When she and Dorian get some time alone, he tells her about the painting that ages instead of him and she asks when he last saw it. Having finally found someone like herself, and not just anybody but her ex she still has feelings for, she wants to know how long he's been alive.
Dorian offers her a nightcap and, when the glass breaks, she licks the blood off her fingers. For once she doesn't need to hide part of herself and this freedom adds to the eroticism of the moment for her.
When they arrive in Venice, Mina has both literally and metaphorically let her hair down, and is wearing a looser outfit.
During the chase, she does not hesitate to use the full range of her powers in front of her teammates, including transforming into a swarm of bats and climbing up the side of a building. Also in this scene, Quartermain declares that "the vampire lady has us covered!" which indicates he has moved past both his assumption that she is nothing but a distraction and his disapproval of her unladylike conduct.
Upon learning Dorian is the mole, Mina is furious and insists on killing him herself. ("Not Gray. He's lived long enough.") It is worth noting that the two of them were the only characters on first-name terms, but now she uses his surname.

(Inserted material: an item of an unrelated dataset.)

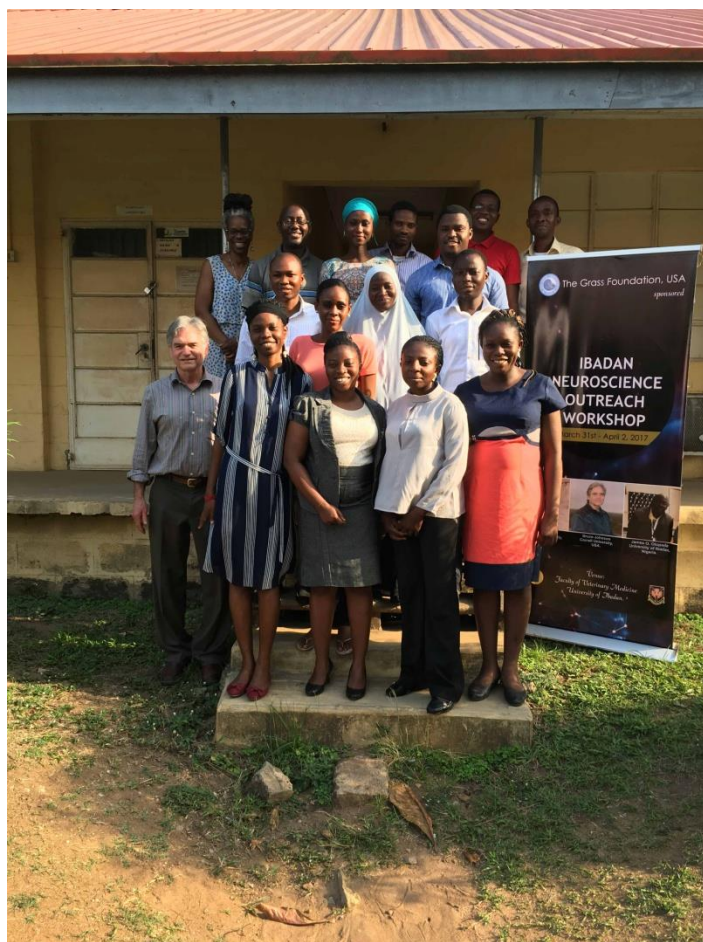
Figure 2. Faculty facilitators and participants in the 2017 Ibadan/Grass Foundation Neurophysiology Workshop.

We continued the next morning with a recapitulation of the previous day's lectures and answered participants' questions that arose over night. The rest of the morning and early afternoon (with breaks) was devoted to the use of BYB amplifiers for student laboratory exercises, with participants working in pairs (Figure 4). We used the SpikerBox package to record extracellular action potentials from the classic cockroach leg mechanoreceptive afferent preparation (Linder and Palka, 1992; Ramos et al., 2007; see BYB: https://backyardbrains.com/experiments/somatotopy ), and smartphones to visualize the electrical signals from the different preparations. The use of the smartphones proved to be a wise choice for data visualization because there were

Before the team go their separate ways for the final fight, they stack their hands on top of each other. Like Sawyer says in a deleted scene, M may have brought them together under false pretenses, but that was his mistake - bringing them together.
Mina is pre-emptively in her full vampire form. After keeping her powers secret or only using them for self-defense in the heat of the moment, she arrives ready to use them for premeditated murder. And during this fight, she doesn't hold back. She gives in completely to the vampiric nature she spent so long hiding. She uses all of her speed and agility, aiming for fatal strikes, and even tells Dorian, "Do you realize what you've done? What you've let out of me?"
Mina kills the one person who understood her experiences, who she wouldn't have outlived. And as he crumbles, she sees a reflection of what might one day happen to her if all the years she's lived, everything she's done, catches up with her.
At Quartermain's funeral, Mina is once again wearing her hat and veil. But this time, she is surrounded by people who know and accept her true self, even if they can't understand what it's like to be immortal. In response to Nemo saying he's done hiding and they are welcome to see the new century with him, she comments, "We've all been hiding in one form or another," using past tense, and follows him to the Nautilus.